Raw data START

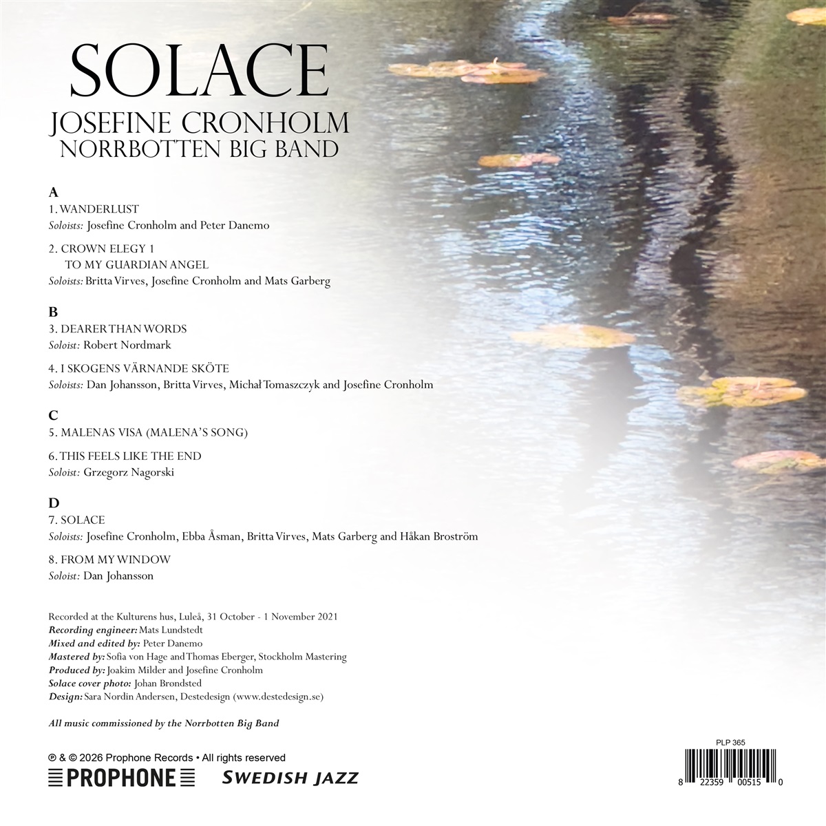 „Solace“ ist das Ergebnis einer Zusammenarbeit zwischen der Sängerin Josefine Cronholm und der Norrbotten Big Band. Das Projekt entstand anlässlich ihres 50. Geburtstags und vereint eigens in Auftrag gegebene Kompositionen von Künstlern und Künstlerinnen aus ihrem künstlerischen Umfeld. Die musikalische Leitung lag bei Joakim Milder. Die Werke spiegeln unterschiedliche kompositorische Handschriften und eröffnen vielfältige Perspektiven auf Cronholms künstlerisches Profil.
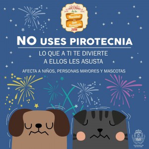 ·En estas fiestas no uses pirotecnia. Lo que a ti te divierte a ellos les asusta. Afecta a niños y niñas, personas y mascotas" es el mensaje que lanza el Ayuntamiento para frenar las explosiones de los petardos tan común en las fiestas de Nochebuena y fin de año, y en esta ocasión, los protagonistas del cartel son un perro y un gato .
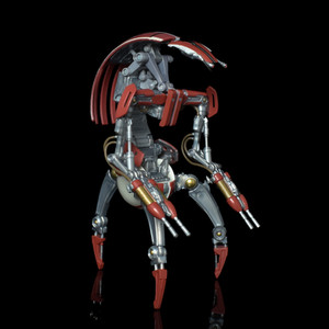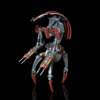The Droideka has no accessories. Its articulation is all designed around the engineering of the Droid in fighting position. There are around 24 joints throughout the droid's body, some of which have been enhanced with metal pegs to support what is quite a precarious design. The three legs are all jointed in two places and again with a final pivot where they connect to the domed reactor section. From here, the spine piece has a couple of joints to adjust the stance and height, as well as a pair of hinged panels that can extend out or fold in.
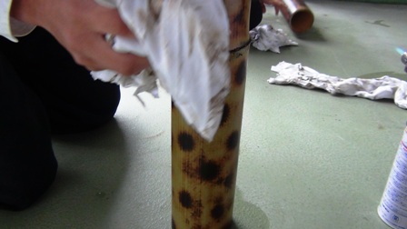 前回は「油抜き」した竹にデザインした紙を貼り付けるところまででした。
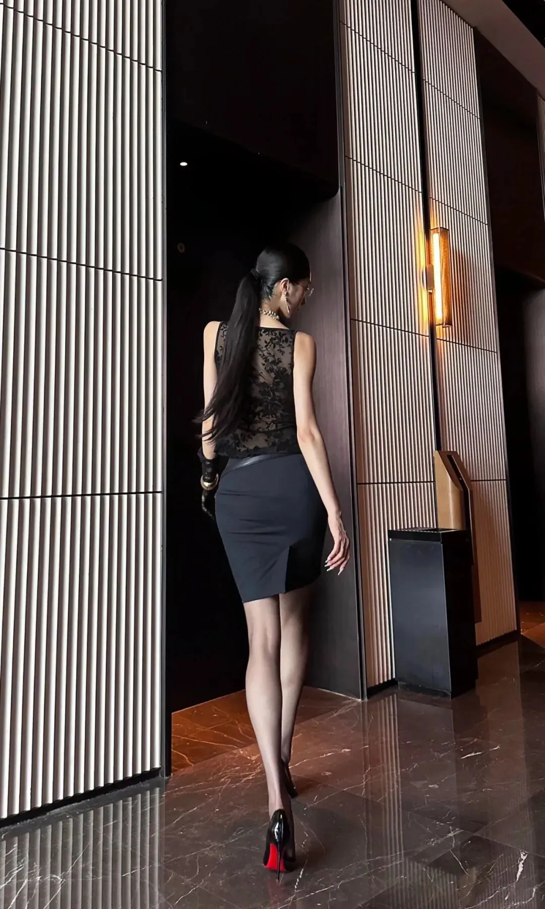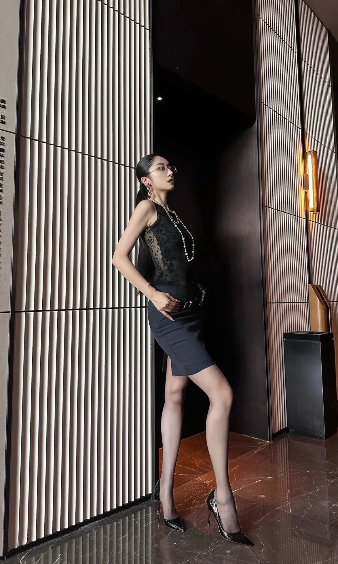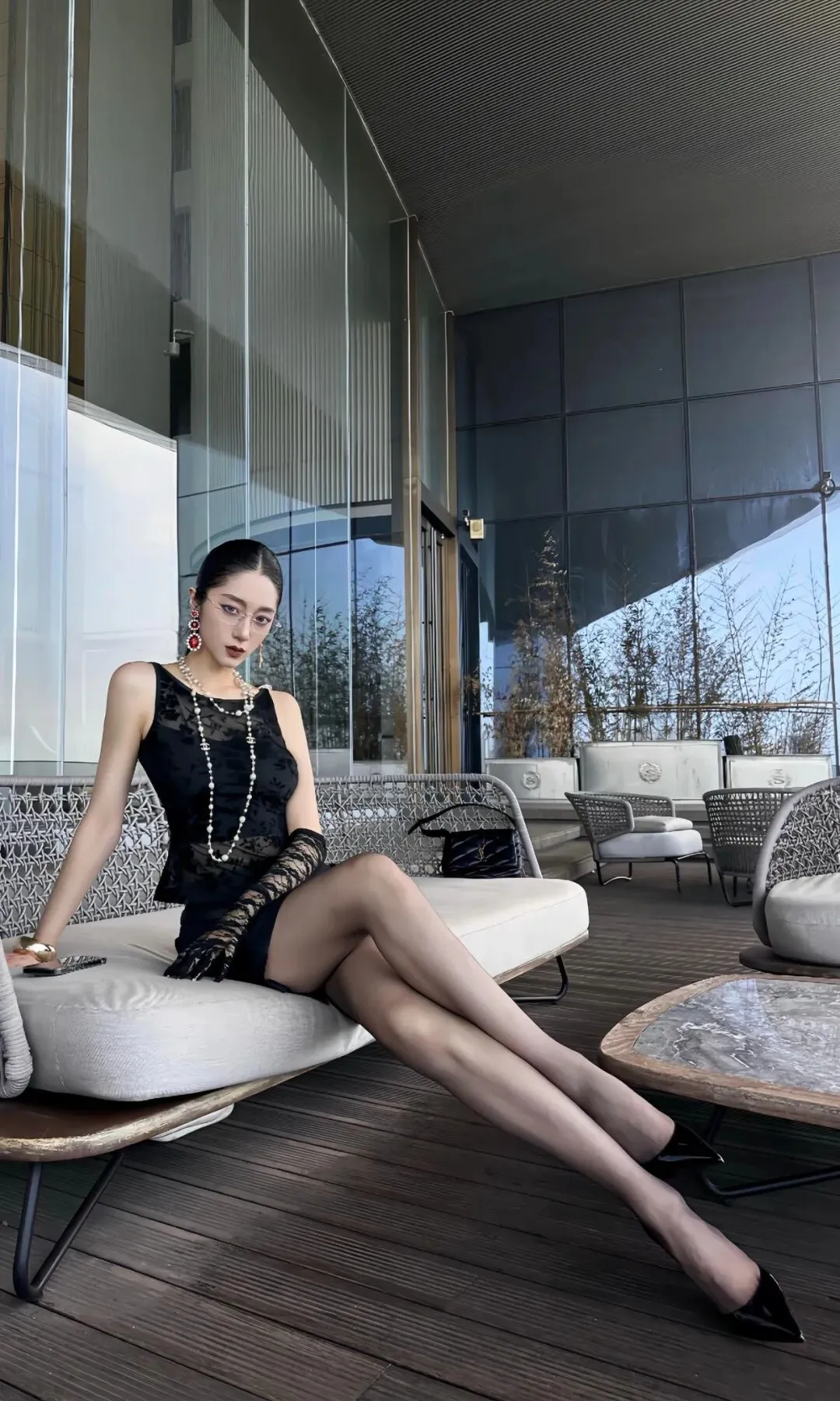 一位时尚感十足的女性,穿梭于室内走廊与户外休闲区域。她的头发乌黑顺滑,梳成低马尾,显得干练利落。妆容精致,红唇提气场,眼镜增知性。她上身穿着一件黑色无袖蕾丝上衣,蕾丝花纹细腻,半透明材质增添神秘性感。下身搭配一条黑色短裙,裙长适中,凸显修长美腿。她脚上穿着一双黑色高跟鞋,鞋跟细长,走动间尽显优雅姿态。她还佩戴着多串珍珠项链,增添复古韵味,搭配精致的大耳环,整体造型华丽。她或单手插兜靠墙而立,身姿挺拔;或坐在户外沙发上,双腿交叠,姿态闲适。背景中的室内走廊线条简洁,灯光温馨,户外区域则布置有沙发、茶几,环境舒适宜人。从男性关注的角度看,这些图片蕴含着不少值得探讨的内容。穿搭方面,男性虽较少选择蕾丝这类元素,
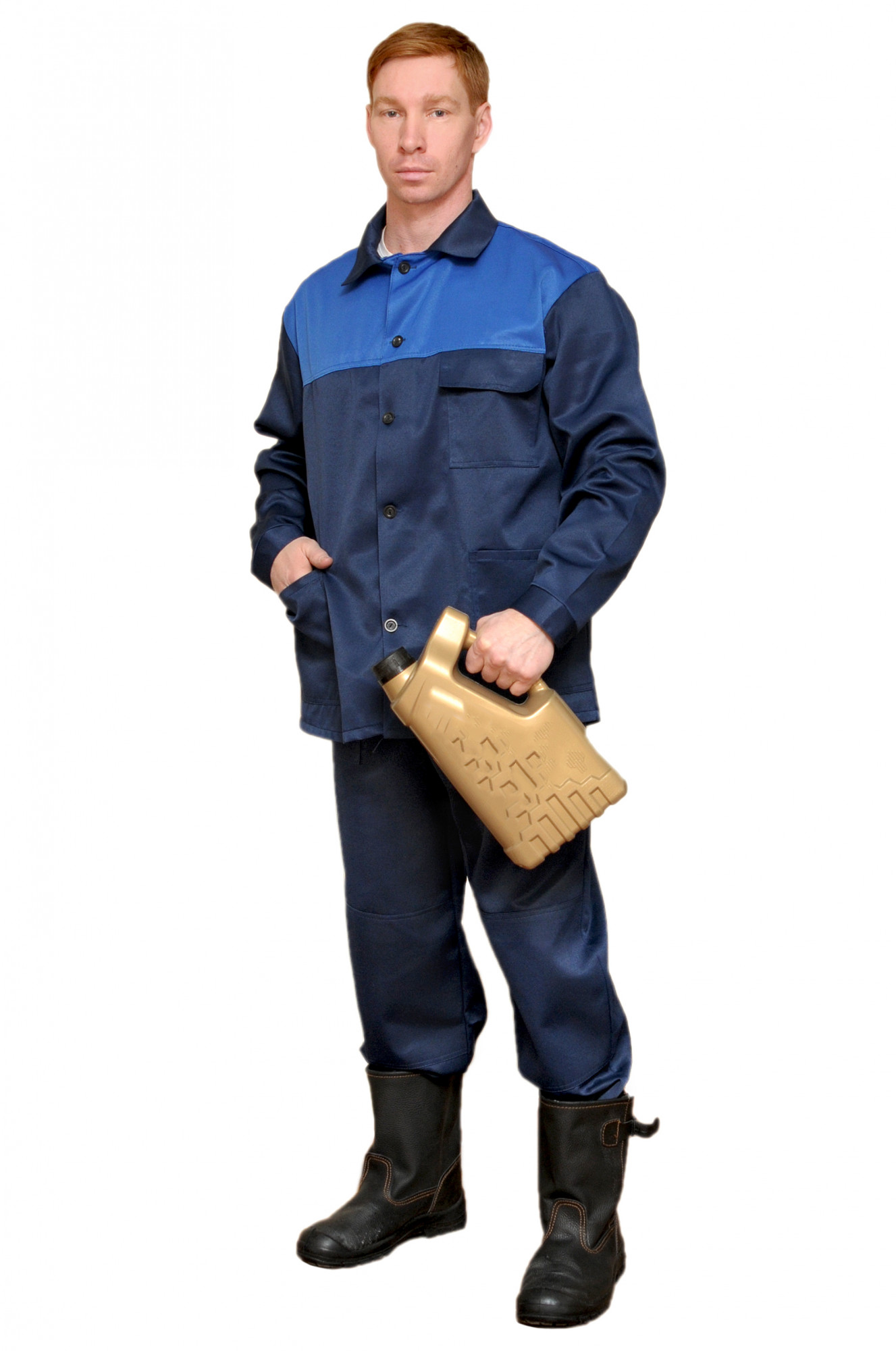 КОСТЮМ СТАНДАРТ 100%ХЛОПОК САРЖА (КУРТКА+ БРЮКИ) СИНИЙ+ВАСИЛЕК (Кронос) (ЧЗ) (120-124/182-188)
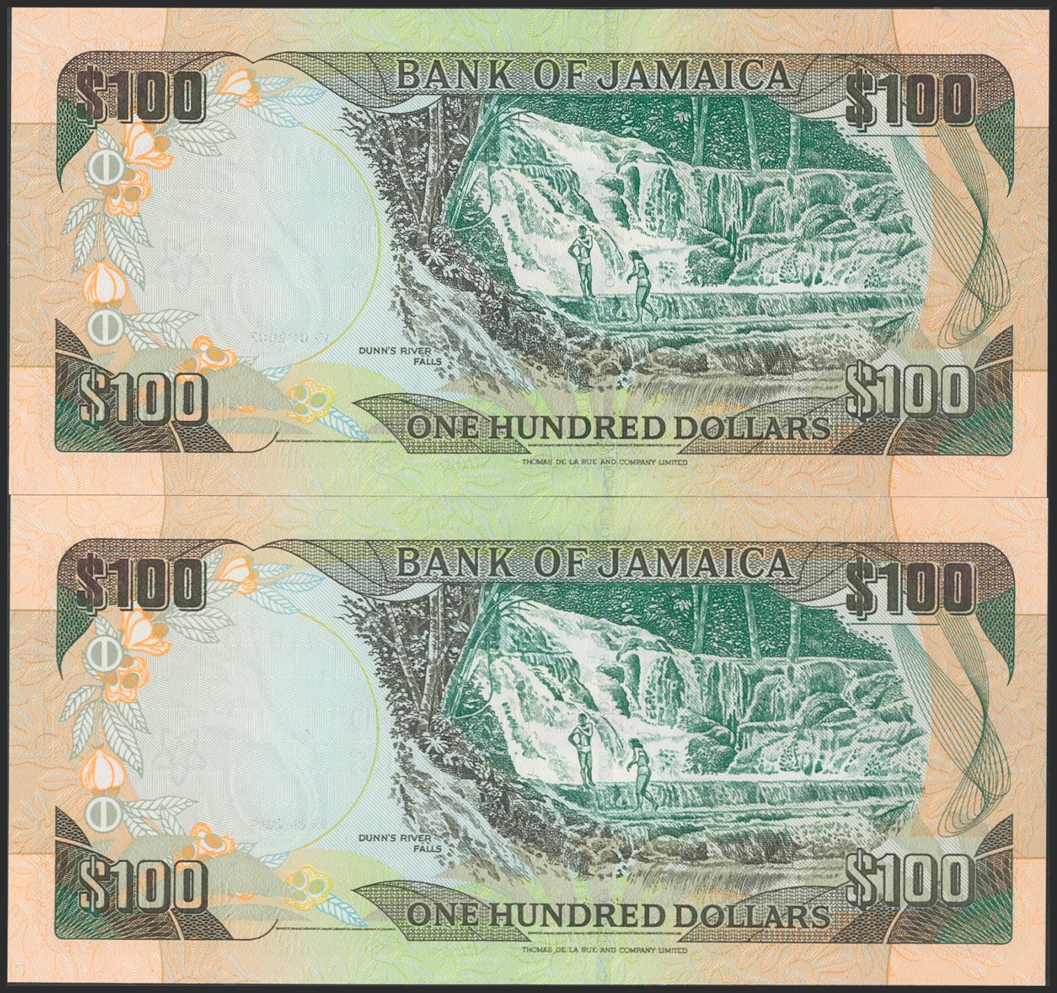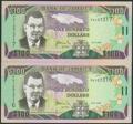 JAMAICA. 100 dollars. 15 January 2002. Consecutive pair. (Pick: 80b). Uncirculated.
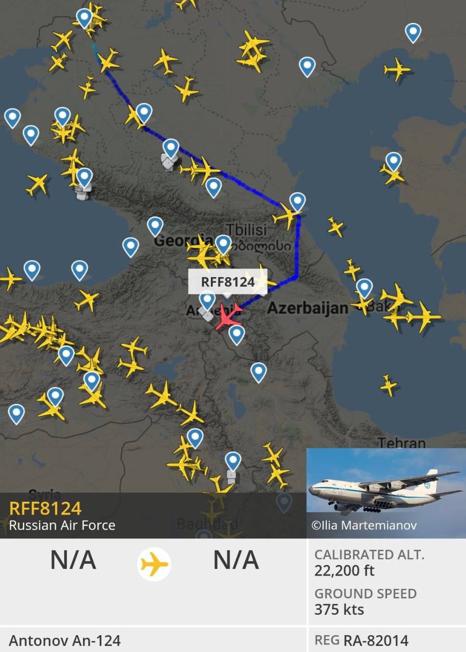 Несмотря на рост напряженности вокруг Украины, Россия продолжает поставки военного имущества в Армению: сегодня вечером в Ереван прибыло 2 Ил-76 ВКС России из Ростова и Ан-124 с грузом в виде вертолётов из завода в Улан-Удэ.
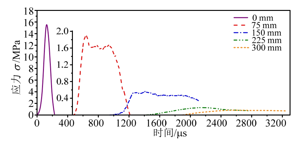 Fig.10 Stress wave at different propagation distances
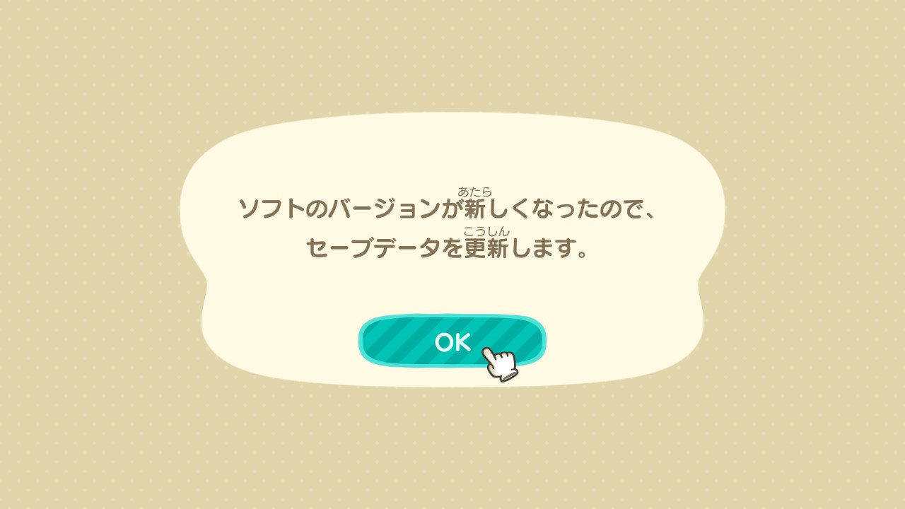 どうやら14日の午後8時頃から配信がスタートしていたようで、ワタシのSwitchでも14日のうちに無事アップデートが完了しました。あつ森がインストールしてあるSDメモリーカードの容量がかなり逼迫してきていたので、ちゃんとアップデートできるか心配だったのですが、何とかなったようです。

Raw data END

§ **Required action**:
Only the pictures are to be left out; write out all the other data exactly.

§ **Exercise result**:
 „Solace“ ist das Ergebnis einer Zusammenarbeit zwischen der Sängerin Josefine Cronholm und der Norrbotten Big Band. Das Projekt entstand anlässlich ihres 50. Geburtstags und vereint eigens in Auftrag gegebene Kompositionen von Künstlern und Künstlerinnen aus ihrem künstlerischen Umfeld. Die musikalische Leitung lag bei Joakim Milder. Die Werke spiegeln unterschiedliche kompositorische Handschriften und eröffnen vielfältige Perspektiven auf Cronholms künstlerisches Profil.
 ·En estas fiestas no uses pirotecnia. Lo que a ti te divierte a ellos les asusta. Afecta a niños y niñas, personas y mascotas" es el mensaje que lanza el Ayuntamiento para frenar las explosiones de los petardos tan común en las fiestas de Nochebuena y fin de año, y en esta ocasión, los protagonistas del cartel son un perro y un gato .
The Droideka has no accessories. Its articulation is all designed around the engineering of the Droid in fighting position. There are around 24 joints throughout the droid's body, some of which have been enhanced with metal pegs to support what is quite a precarious design. The three legs are all jointed in two places and again with a final pivot where they connect to the domed reactor section. From here, the spine piece has a couple of joints to adjust the stance and height, as well as a pair of hinged panels that can extend out or fold in.
 前回は「油抜き」した竹にデザインした紙を貼り付けるところまででした。
 一位时尚感十足的女性,穿梭于室内走廊与户外休闲区域。她的头发乌黑顺滑,梳成低马尾,显得干练利落。妆容精致,红唇提气场,眼镜增知性。她上身穿着一件黑色无袖蕾丝上衣,蕾丝花纹细腻,半透明材质增添神秘性感。下身搭配一条黑色短裙,裙长适中,凸显修长美腿。她脚上穿着一双黑色高跟鞋,鞋跟细长,走动间尽显优雅姿态。她还佩戴着多串珍珠项链,增添复古韵味,搭配精致的大耳环,整体造型华丽。她或单手插兜靠墙而立,身姿挺拔;或坐在户外沙发上,双腿交叠,姿态闲适。背景中的室内走廊线条简洁,灯光温馨,户外区域则布置有沙发、茶几,环境舒适宜人。从男性关注的角度看,这些图片蕴含着不少值得探讨的内容。穿搭方面,男性虽较少选择蕾丝这类元素,
 КОСТЮМ СТАНДАРТ 100%ХЛОПОК САРЖА (КУРТКА+ БРЮКИ) СИНИЙ+ВАСИЛЕК (Кронос) (ЧЗ) (120-124/182-188)
 JAMAICA. 100 dollars. 15 January 2002. Consecutive pair. (Pick: 80b). Uncirculated.
 Несмотря на рост напряженности вокруг Украины, Россия продолжает поставки военного имущества в Армению: сегодня вечером в Ереван прибыло 2 Ил-76 ВКС России из Ростова и Ан-124 с грузом в виде вертолётов из завода в Улан-Удэ.
 Fig.10 Stress wave at different propagation distances
 どうやら14日の午後8時頃から配信がスタートしていたようで、ワタシのSwitchでも14日のうちに無事アップデートが完了しました。あつ森がインストールしてあるSDメモリーカードの容量がかなり逼迫してきていたので、ちゃんとアップデートできるか心配だったのですが、何とかなったようです。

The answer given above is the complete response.